■ What you should do:
The answer is the line containing "బిడ్డను కాపాడుకున్నట్లు కాపాడుకోవాలని" plus every line after it to the end of the material, retyped exactly and without the pictures.

■ Dataset records:
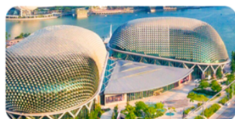
Nhà hát Esplanade
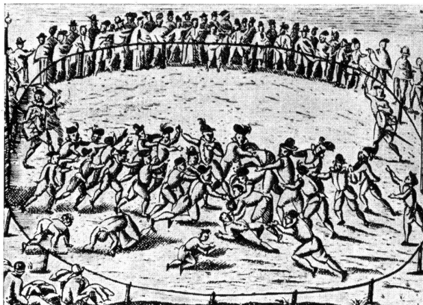
Cette illustration est tirée de l'ouvrage d'Antonio Scaino sur le «Gioco del Calcio», datant de 1555. On remarquera, en particulier, les deux tambours, aux extrémités du terrain, dont la mission était d'encourager les joueurs.

déjà en Chine, il y a près de 2500 ans où on le connaissait sous le nom de «Ts'uhküh». On peut en suivre la trace à travers le Japon, l'Empire romain, à travers le Moyen Age et la Renaissance où Antonio Scaino, en 1555, «s'explique de façon approfondie sur le sport de la balle dans le premier manuel édité dans ce domaine. Il expose en détail les règles du «Calcio» où, déjà, on manipulait avec les mains et les pieds, un ballon préalablement gonflé. La place de jeux était si longue que même le lanceur le plus aguerri ne pouvait lancer une
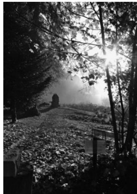
Blick ins Licht

In der letzten Zeit eines Menschen findet eine Reduktion auf das Wesentliche statt. Es kann zum Beispiel sein, dass dem betreffenden Menschen etwas, das lange sehr wichtig war, auf einmal nicht mehr wichtig ist – zum Beispiel «schön sein». Es können auch schwierige innere Prozesse
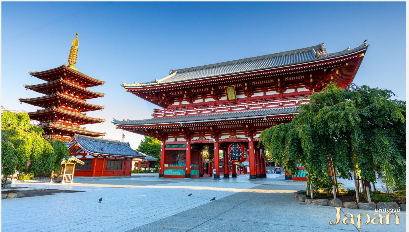
บันทึกจรรยา Japan

จากนั้น ชมวัดอาซากุสะ ที่มีประตูและโคมแดงยักษ์เป็นเอกลักษณ์อย่างโดดเด่นบริเวณด้านหน้าทางเข้าวัด ถูกสร้างขึ้นเสร็จเมื่อประมาณปี ค.ศ. 645 ตามตำนานเล่าว่าเมื่อประมาณปี 628 สองพี่น้องได้ออกเรือไปตกปลา และตกญี่ปุ่นเจ้าแม่กวนอิมได้ที่แม่น้ำสุมิเด และแม้ว่าพวกเขาจะพยายามทิ้งญี่ปุ่นกลับลงสู่แม่น้ำเท่าไรก็ตาม ญี่ปุ่นเจ้าแม่กวนอิมก็จะกลับมาหาพวกเขาอยู่เสมอ จึงได้มีการสร้างวัดนี้ขึ้นเพื่อเป็นที่ประดิษฐานของญี่ปุ่นเจ้าแม่กวนอิม และกลายมาเป็นวัดที่นิยมอันดับหนึ่งของเมืองโตเกียวในปัจจุบัน
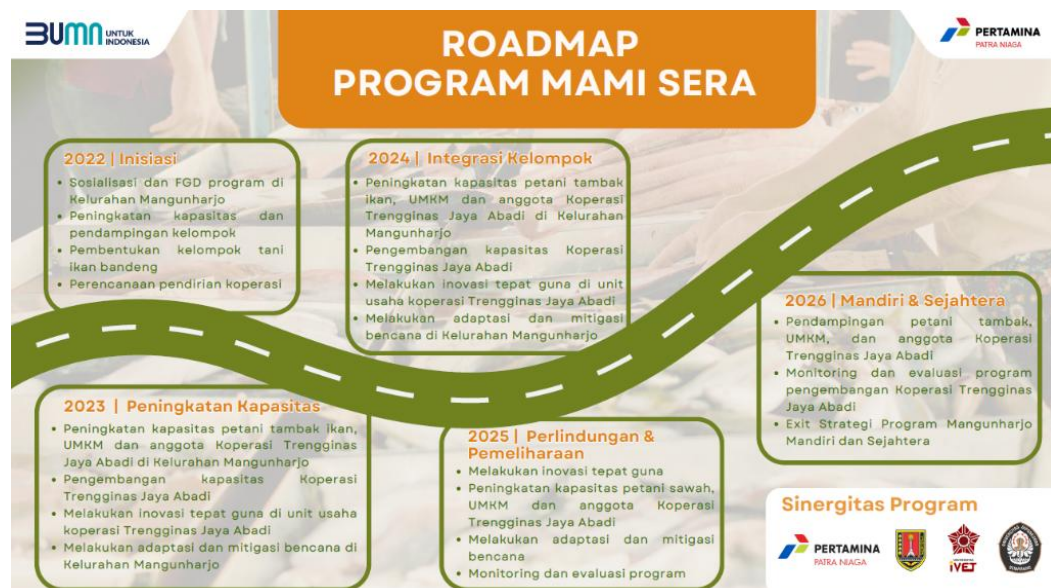
Gambar 1. 3 Kegiatan Roadmap Program MAMI SERA

keamanan produk, manajemen operasional, dan strategi pemasaran modern. Program ini juga mendukung pembentukan Pondok MAMI SERA sebagai pusat kegiatan, memfasilitasi interaksi dan kolaborasi antar-pelaku UMKM. Temuan dari hasil observasi lapangan di lokasi penelitian yaitu di PONDOK MAMI SERA mengindikasikan bahwa pelatihan dan pendampingan yang sistematis dan terarah dari PT Pertamina Patra Niaga diperkirakan memiliki potensi signifikan dalam meningkatkan kapasitas wirausaha UMKM di Kelurahan Mangunharjo. Namun demikian, keberhasilan peningkatan kapasitas tersebut tidak dapat dilepaskan dari tingkat partisipasi aktif para pelaku UMKM. Partisipasi ini memiliki peran strategis, baik sebagai elemen sistem yang saling berhubungan maupun sebagai kontribusi individu yang memengaruhi dinamika pengembangan.
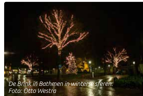
De Brink in Bathmen in winterse sferen.

De Stichting Bathmen Promotie kreeg het voor elkaar om het project verlichting op de Brink uit te voeren. Met een aantal subsidies, waaronder een bijdrage van WijDeventer, Vitaal Platteland en het Rabo Coöperatiefonds, konden een aantal bomen op De Brink worden voorzien van verlichting. Het was een grote wens om vooral in die tijd, waarin de coronamaatregelen nog veel beperkingen oplegden, toch wat warmte en sfeer te creëren. En dat is goed gelukt.
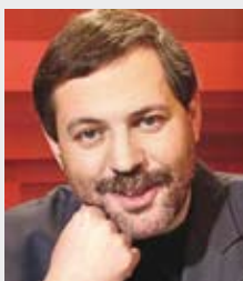
Михаил ЛЕОНТЬЕВ, главный редактор журнала «Однако»

“ Местные выборы отличаются тем, что у них, в отличие от партий общеукраинских, которых и так много, есть некоторые партии местные, которые на общеукраинских выборах шансов имеют мало, и поэтому даже их, может быть, потенциальные избиратели за них не голосуют. А на местных выборах за них будут голосовать, т.е. есть очень много локальных структур, ну, например, нежно любимая мною одесская «Родина», у которой никаких шансов на выборах общеукраинских пока нет, но зато в Одессе она очень заметна, она входит в различные альянсы, коалиции и т.д., но, тем не менее, она заметна. И таких будет довольно много. Украина вообще очень регионализована. Потом, учитывая, что политика на общеукраинском уровне в очень сильной степени профанирована, она такая большая, малодоступная для мелких игроков, то «живая» политика опускается в регионы. Поэтому там будет все гораздо более живо, гораздо более случайно.
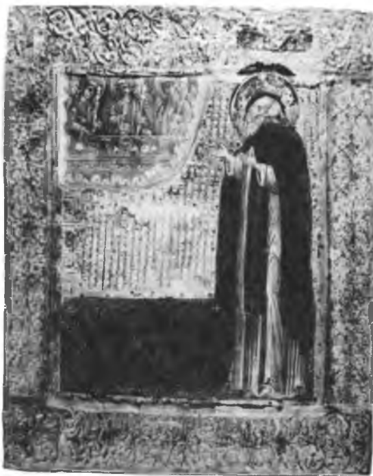
Прп. Антоний Сийский. Икона. 1-я треть XVII в.

в духовной, подвижнической жизни написал подробный «Устав скитского иноческого жития» по образцам восточных скитских уставов [91*] . Таким-то образом основался Нилов скит , или пустынь преподобного Нила Сорского, прославившийся не богатством или многолюдством братии, а строгостью устава и высотой отшельнических подвигов своего основателя. Братии здесь было немного: вскоре по смерти преподобного Нила (1508) мы видим в его ските только одного иеромонаха, одного иеродиакона и 12 старцев. Кроме Нилова скита в Белозерской стране к концу XV в. упоминается еще новый монастырь — Никитский , находившийся на правом берегу реки Шексны, в десяти верстах от города Кириллова 55 .
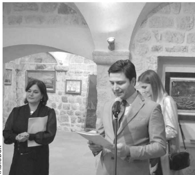
Sa otvaranja izložbe u Galeriji solidarnosti

-U dugom periodu minulih vijekova kroz koji su se prožimali uticaji ova dva naroda, uvijek smo znali prepoznati i prihvatiti kulturne vrijednosti, a njegujući ih i čuvajući, postajali su nam savršeni uzor za sopstveno uzdizanje svijesti o bogatstvu
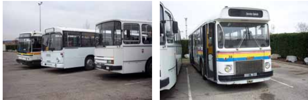
Image insolite : les anciens autobus Gibus, encore en circulation jusqu'au 31 décembre au soir côtoient les bus plus récents des TCL fraîchement débarqués. Seul l'Agora Gibus fait bonne figure au milieu des R312.

Alors qu'il y a si peu de temps, le dépôt Gibus renfermait un vieux SC10, et quelques autocars de la société des cars Roannais, les premiers bus TCL sont désormais visibles. Ils sont utilisés pour la formation des conducteurs (conduite, girouettes, etc...)
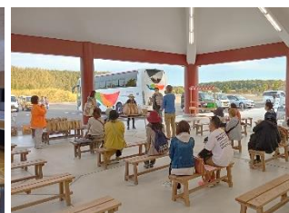
神崎市魅力発信事業
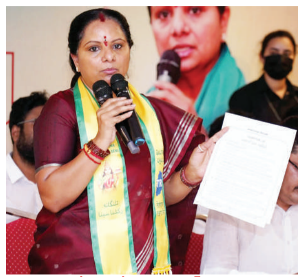
నల్గొండ బ్యూరో, (వార్తా వేదిక సూర్య)-జూన్ 11: నల్గొండ జిల్లా కేంద్రంలో హోటల్ మనోరమ లో తెలంగాణ రక్షణ సేన అధ్యక్షుర్యంలో తెలంగాణ రైతు సంస్థలపై నిర్వహించిన రౌండ్ టేబుల్ సమావేశంలో టీఆర్ఎస్ చీఫ్ కల్వకుంట్ల కవిత పాల్గొన్నారు. ఈ సందర్భంగా కల్వకుంట్ల కవిత మాట్లాడుతూ.. ప్రభుత్వాలకు ఒక విధానం, ఉక్కు సంకల్పం ఉంటే ఎలాంటి సమస్యనైనా తీర్చవచ్చు అని, కానీ రైతుకు ఏదో దయచూపుతున్నాం అని, బిచ్చం వేస్తున్నట్లుగా ప్రభుత్వాల వ్యవహారం ఉందని, రైతుకు ఏదో నాలుగు డబ్బులు ఇచ్చి చేతులు దులుపుకోవటం కాదు. పసి

బిడ్డను కాపాడుకున్నట్లు కాపాడుకోవాలని ఆమె చెప్పారు. మన దేశంలో రైతులు వ్యవసాయం వదిలేస్తున్నారన్న నివేదికలు ఆందోళన కలిగిస్తున్నాయి. వ్యవసాయాన్ని కాపాడుకోవాలంటే దాన్ని ఒక పరిశ్రమగా చూడాలని. ఒక పారిశ్రామికవేత్తకు వాళ్ల పరిశ్రమ పెట్టుకోవటానికి ప్రభుత్వం ఏ విధంగా అన్ని వసతులు కల్పిస్తుందో అదే విధంగా రైతుకు కల్పించాలని కోరారు. మట్టి తల్లి ని అలుసుగా చూస్తూ వ్యవసాయాన్ని ఏదో కర్తవు వదిలేస్తున్నారు. మేము రైతును రాజు చేస్తామని చెబుతున్నాం. అంటే దాని వెంటబడి వ్యవసాయాన్ని బాగు చేసే వరకు వదలం అని అన్నారు. వ్యవసాయాన్ని పరిశ్రమగా చూడాలని నేను ఎంపీగా ఉన్నప్పుడే పార్లమెంట్ లో మాట్లాడారు. ఒక పారిశ్రామిక వేత్తకు ఏ విధమైన గౌరవం దక్కకుండా రైతుకు కూడా అలాంటి గౌరవం వద్దాల్సి అని. రాష్ట్ర వ్యాప్తంగా క్రాఫ్ కాలనీలు ఏర్పాడాలి. పార్టీలతో సంబంధం లేకుండా రైతు సంఘాలు ఏర్పాటు కావాలి అని పేర్కొన్నారు. ముఖ్యంగా రైతు పండించిన పంటకు మార్కెటింగ్ సౌకర్యం కల్పించాలని. నేను నిజామాబాద్ ఎంపీగా ఉన్నప్పుడు జగిత్యాల మామిడి పండ్లకు బ్రాండ్ క్రియేట్ చేశాను. ఢిల్లీలో వాటిని అమ్మేలా ఏర్పాటు చేశాను. ఇప్పటికీ కూడా ఢిల్లీలో జగిత్యాల బ్రాండ్ మామిడి పండ్లను అమ్ముతున్నాను. జగిత్యాల మిగతా 2లో..
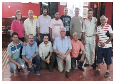
Parte de los integrantes del Centro Numismático Venado Tuerto
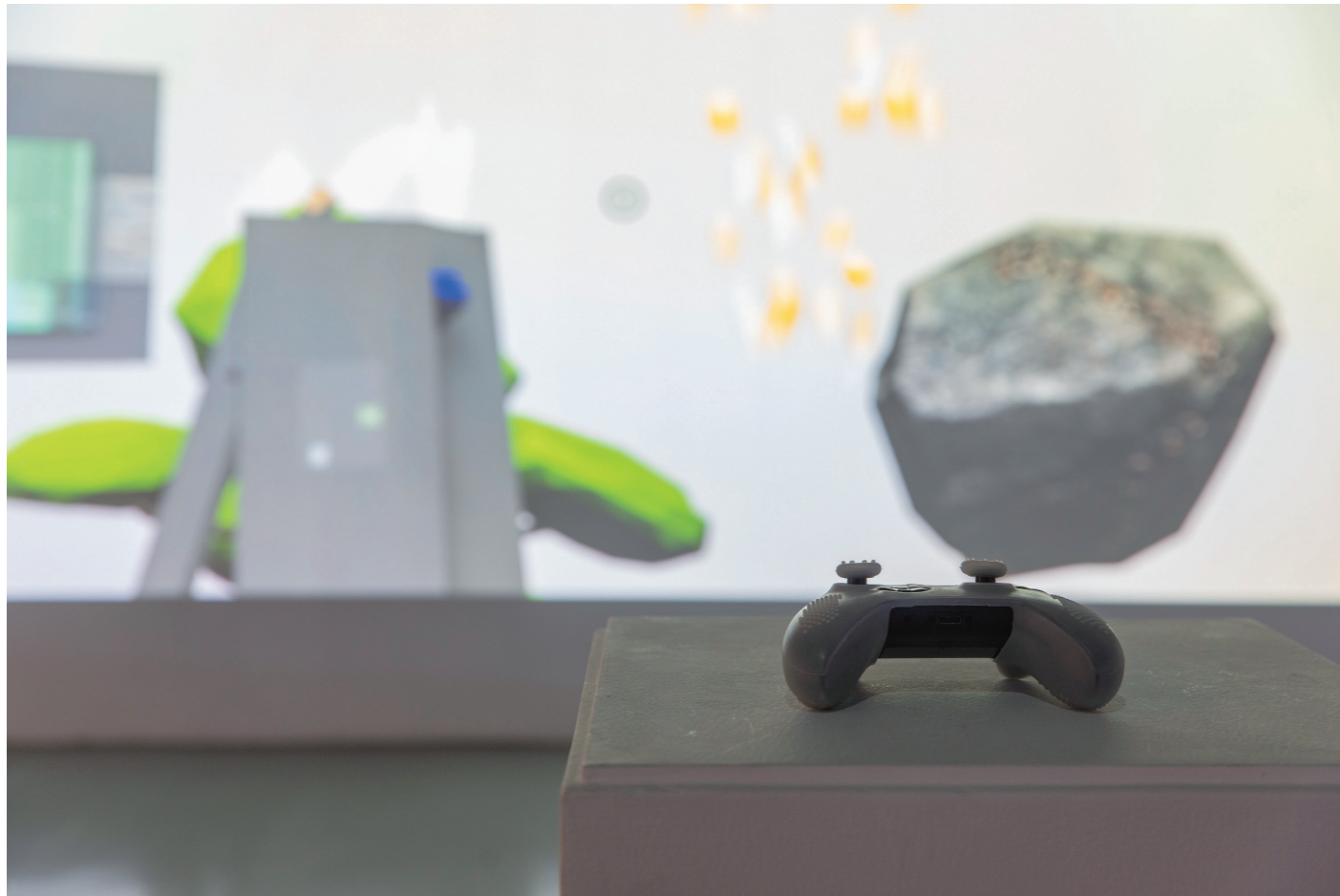
1. aaajiao (徐文恺), 《深渊模拟器》, 游戏, 2020, “未知游戏”展览现场

■ Answer section:
బిడ్డను కాపాడుకున్నట్లు కాపాడుకోవాలని ఆమె చెప్పారు. మన దేశంలో రైతులు వ్యవసాయం వదిలేస్తున్నారన్న నివేదికలు ఆందోళన కలిగిస్తున్నాయి. వ్యవసాయాన్ని కాపాడుకోవాలంటే దాన్ని ఒక పరిశ్రమగా చూడాలని. ఒక పారిశ్రామికవేత్తకు వాళ్ల పరిశ్రమ పెట్టుకోవటానికి ప్రభుత్వం ఏ విధంగా అన్ని వసతులు కల్పిస్తుందో అదే విధంగా రైతుకు కల్పించాలని కోరారు. మట్టి తల్లి ని అలుసుగా చూస్తూ వ్యవసాయాన్ని ఏదో కర్తవు వదిలేస్తున్నారు. మేము రైతును రాజు చేస్తామని చెబుతున్నాం. అంటే దాని వెంటబడి వ్యవసాయాన్ని బాగు చేసే వరకు వదలం అని అన్నారు. వ్యవసాయాన్ని పరిశ్రమగా చూడాలని నేను ఎంపీగా ఉన్నప్పుడే పార్లమెంట్ లో మాట్లాడారు. ఒక పారిశ్రామిక వేత్తకు ఏ విధమైన గౌరవం దక్కకుండా రైతుకు కూడా అలాంటి గౌరవం వద్దాల్సి అని. రాష్ట్ర వ్యాప్తంగా క్రాఫ్ కాలనీలు ఏర్పాడాలి. పార్టీలతో సంబంధం లేకుండా రైతు సంఘాలు ఏర్పాటు కావాలి అని పేర్కొన్నారు. ముఖ్యంగా రైతు పండించిన పంటకు మార్కెటింగ్ సౌకర్యం కల్పించాలని. నేను నిజామాబాద్ ఎంపీగా ఉన్నప్పుడు జగిత్యాల మామిడి పండ్లకు బ్రాండ్ క్రియేట్ చేశాను. ఢిల్లీలో వాటిని అమ్మేలా ఏర్పాటు చేశాను. ఇప్పటికీ కూడా ఢిల్లీలో జగిత్యాల బ్రాండ్ మామిడి పండ్లను అమ్ముతున్నాను. జగిత్యాల మిగతా 2లో..
Parte de los integrantes del Centro Numismático Venado Tuerto
1. aaajiao (徐文恺), 《深渊模拟器》, 游戏, 2020, “未知游戏”展览现场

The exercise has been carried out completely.